Хорхе Луис Борхес / Виртуальная библиотека | Сегодня четверг, 12 декабря 2024 года |
© 2009 | Главная | Книги | О Борхесе | Фотографии | Алфавитный указатель | Назад | |||||||||
Гуманитарные мифы XX века. Бог против борхеса
Белый растафари, прозрачный цыган...
Плохая ночь для чтенья, видно, возраст уже не тот. Шатаясь, выбрался на балкон, смотрю, внизу подростки идут. Лет по тринадцать, щуплые, пьяные — в семь с чем-то утра — в драбадан. Громко говорят: «Эуы, уо, ы…». Но идут ровно, не шатаются. Не пьяные, дошло вдруг. Просто они так разговаривают, на своем языке. «Раста — это классно», как учила Ольга Арефьева, обладательница премии журнала «Знамя» за артистизм.
* * *
Есть такая поговорка — «Разбираться, как свинья в апельсинах». К чему бы это? Да вот, вчера попросили рассказать, кто такой Борхес. Я с готовностью открыл рот и вдруг почувствовал, что говорить о Борхесе неприятно — как пить хлорированную воду из под крана. Гадом он был. Вроде пустобреха Ролана Барта. Готовя материал о старинных фотографиях, уже неделю пытаюсь перечитать набегами в туалете «Camera lucida» — и не могу, тошнит. До чего жалкая, ничтожная болтовня! Нужно быть совсем убогим уродом, чтобы так суконно писать о столь волнительном и полном жизни предмете. А раньше-то… Roland Barthes! Уже эти слова на обложке казались пропуском в сокровищницы «Тысяча и одной ночи».

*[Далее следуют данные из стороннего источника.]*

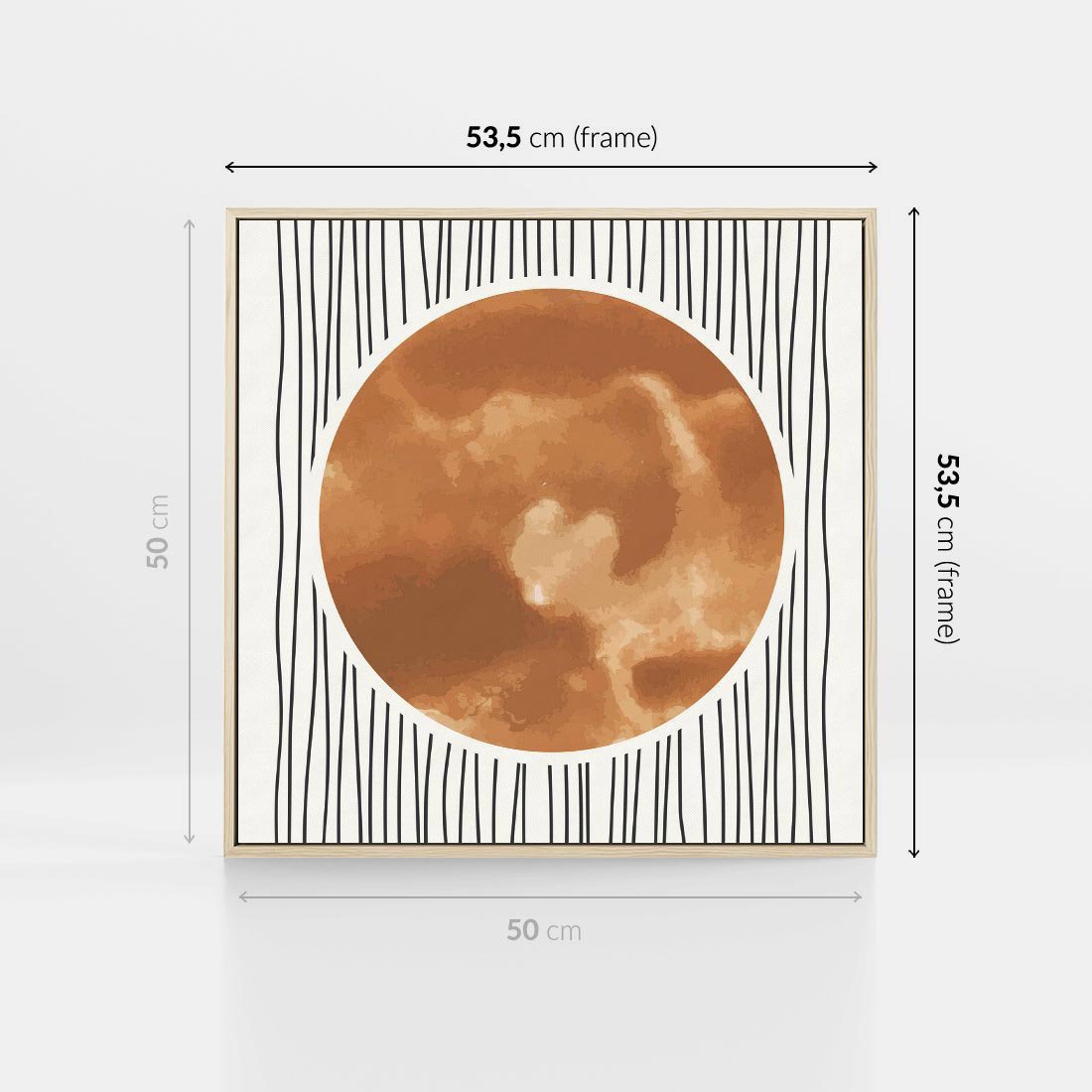 Obraz w ramie 50x50 - Eteryczne Krągłe Echa - boho obraz, geometria - rama drewno

Вы, кстати, в курсе, что «сим-сим» — никакое не имя духа, а название анаши? Лет пять я тужился вспомнить, откуда это взял. Оказалось, из Каверинских «Двух капитанов» — какой позор… Надежда-то была, что из Борхеса. Перерыл трехтомник издательства «Северо-запад», с лупой пролистал «Письмена Бога», даже в «советского» Борхеса издательства «Радуга» заглядывал — тщетно. А информация о «сим-симе» должна была прояснить студентам смысл архетипа «запретного места», бессознательной сюжетной структуры, которая лежит в основе доброй половины произведений мировой художественной культуры.

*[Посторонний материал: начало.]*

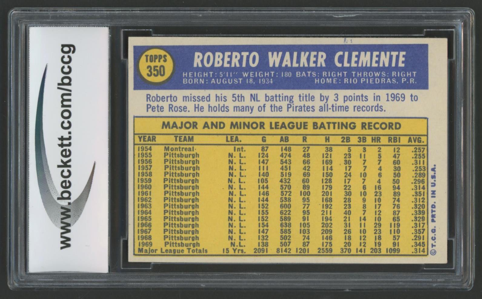 Roberto Clemente 1970 Topps #350 (BCGG 9)
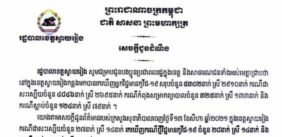 ខេត្តស្វាយរៀង បានរកឃើញអ្នកឆ្លងជំងឺកូវីដ-១៩ថ្មីចំនួន ២៨នាក់ និងស្លាប់ ២នាក់ក្នុងរយៈពេល ២៤ម៉ោងចុងក្រោយ
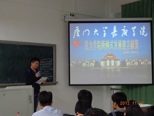 11月21日,土木工程系学生党支部在主楼群四号楼207教室召开民主生活会,开展“我为学院跨越式发展建言献策”活动。该活动是学院党委根据新学年伊始王瑞芳院长提出的“解放思想,凝心聚力,大力推进学院新一轮跨越发展”这一主题思想,号召全院党支部开展的建言献策活动。
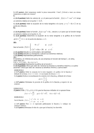 2. También incluye calcular ecuaciones de rectas tangentes a funciones en puntos dados y determinar valores para que funciones tengan ciertas propiedades.

По образу и подобию сказки об Али Бабе построены роман Кортасара «Выигрыши», Гоголевское «Заколдованное место» и растоптанные, как домашние тапочки, «Приключения Гекльберри Финна». Финн не просто бежит от отца, он пытается обрести свободу. Поиски этого внутреннего чувства сопряжены для него с «переменой мест», но свободы не оказывается ни на речном острове, ни в поместье Грэнжерфордов, ни на ферме Сайласа Фелпса. Некоторое ее подобие Гек ощущает только между попыток, во время путешествия на плоту. Подобно несущей Финна (и не сущей, согласно Гераклиту) реке, его свобода постоянно ускользает, возникая лишь в самый этот момент ускользания. Она — «архислед», пребывающий в состоянии «различания» (differance), как подытожил бы один из наиболее успешных наследников французского болтуна.

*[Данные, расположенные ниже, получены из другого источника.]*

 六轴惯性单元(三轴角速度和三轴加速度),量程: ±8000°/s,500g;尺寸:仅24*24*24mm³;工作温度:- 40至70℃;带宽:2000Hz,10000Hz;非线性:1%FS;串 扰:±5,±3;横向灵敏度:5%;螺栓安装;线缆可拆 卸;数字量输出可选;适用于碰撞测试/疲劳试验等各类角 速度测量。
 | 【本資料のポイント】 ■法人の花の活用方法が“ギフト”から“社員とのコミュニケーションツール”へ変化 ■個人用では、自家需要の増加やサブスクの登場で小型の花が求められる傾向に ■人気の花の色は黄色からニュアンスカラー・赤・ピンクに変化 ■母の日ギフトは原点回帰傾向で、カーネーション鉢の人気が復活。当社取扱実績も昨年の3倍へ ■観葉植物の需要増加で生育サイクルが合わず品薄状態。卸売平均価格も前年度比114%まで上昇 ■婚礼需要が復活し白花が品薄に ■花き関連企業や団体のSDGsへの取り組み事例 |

У спутника «вечного Гекльберри», беглого негра Джима, идеал свободы связан с достижением некоего «запретного места» буквально. Чтобы избежать законной участи быть проданным на плантации, ему необходимо добраться до северных штатов, путь в которые лежит через портовый городишко Каир. Это египетское название превращается для героев в idee fixe, но земли обетованные не спешат открываться путникам: на реку опускается небывалый туман, и герои проплывают мимо Каира. Эпизод дублируется в загадке, заданной Геку несколькими страницами далее: «Где был Моисей, когда погасла свечка?» Правильный ответ — в темноте.
Архетипический сюжет тянет за собою архитипическую мораль: «никто не даст нам избавленья», не следует искать вовне то, что скрыто внутри. Богатство Али Бабы заключено не в пещере с сокровищами, а в умении ее открывать: как помним, пароль срабатывал только в устах «совершенного» человека. Не исключено, что пути к совершенству сокрыты как раз в этимологии слова «сим-сим». Дунул косяк — и счастлив. Курение избавляет от избытков рефлексии, главное, не «выпадать на контроль». Если так, то никакой пещеры и не было: с помощью конопли Али Баба либо путешествовал в «запретных местах» своего подсознания, либо воспарял в трансперсональные сферы. А там хватает своих сокровищ. Одна знакомая рассказала:
— Как-то у меня такой догон был по обкурке!.. Буквально всё про эту жизнь поняла. И думаю: вот жалость, завтра-то забуду, надо бы записать. Взяла карандаш, записала. Утром схватила бумажку, радостная… А там написано: «Всё дело в апельсиновой кожуре».
* * *
Борхес, как нам, слава Богу, известно, уподобил мироздание Вавилонской библиотеке. Роль природы или социальной среды в его произведениях исполняла фабула литературных произведений, его персонажами были литературные, исторические и мифологические герои; при этом история и миф понимались как жанры литературы. Пространство культуры, то есть знания о знании, он уравнял в правах с пространством физическим.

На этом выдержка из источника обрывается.